## WHAT IS NEEDED
Somewhere below are a line with "2021年10月14日晚19" and a later line with "Apportez une touche". Output exactly those lines and all lines between them.

## INPUT
+-------+
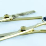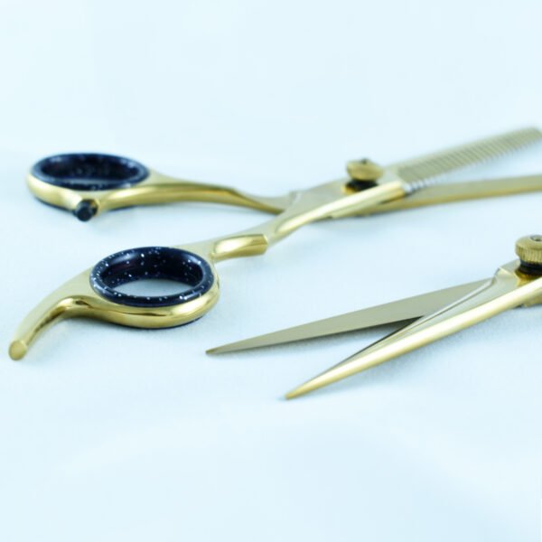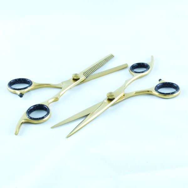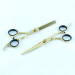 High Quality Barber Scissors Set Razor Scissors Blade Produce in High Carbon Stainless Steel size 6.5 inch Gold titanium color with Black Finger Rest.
+-------+
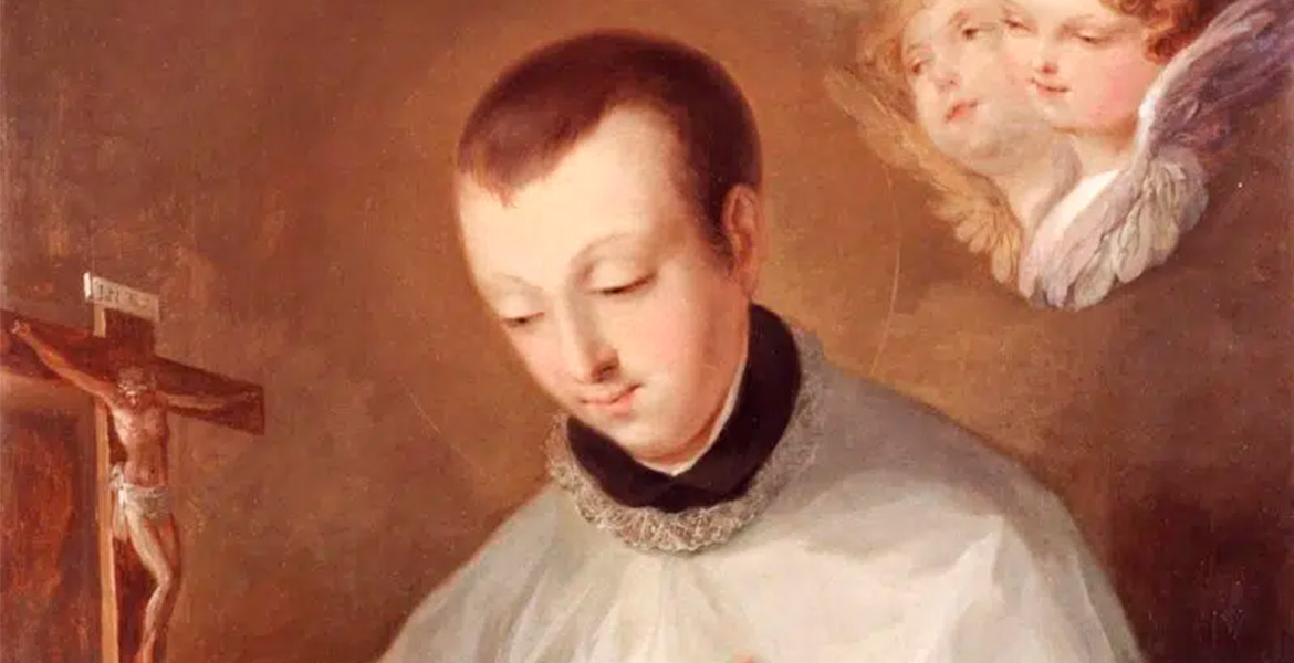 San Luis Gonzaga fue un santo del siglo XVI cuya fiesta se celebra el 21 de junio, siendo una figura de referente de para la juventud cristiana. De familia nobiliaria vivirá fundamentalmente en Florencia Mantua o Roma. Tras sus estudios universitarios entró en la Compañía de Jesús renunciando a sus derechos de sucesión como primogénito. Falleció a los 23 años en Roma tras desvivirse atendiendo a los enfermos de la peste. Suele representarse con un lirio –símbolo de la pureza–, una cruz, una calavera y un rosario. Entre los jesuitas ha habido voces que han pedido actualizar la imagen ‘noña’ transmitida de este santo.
+-------+
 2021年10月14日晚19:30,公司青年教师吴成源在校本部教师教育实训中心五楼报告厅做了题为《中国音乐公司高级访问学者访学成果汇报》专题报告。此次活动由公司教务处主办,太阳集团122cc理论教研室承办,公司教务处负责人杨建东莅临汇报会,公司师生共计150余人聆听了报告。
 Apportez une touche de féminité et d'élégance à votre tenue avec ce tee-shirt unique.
+-------+
## ANSWER
 2021年10月14日晚19:30,公司青年教师吴成源在校本部教师教育实训中心五楼报告厅做了题为《中国音乐公司高级访问学者访学成果汇报》专题报告。此次活动由公司教务处主办,太阳集团122cc理论教研室承办,公司教务处负责人杨建东莅临汇报会,公司师生共计150余人聆听了报告。
 Apportez une touche de féminité et d'élégance à votre tenue avec ce tee-shirt unique.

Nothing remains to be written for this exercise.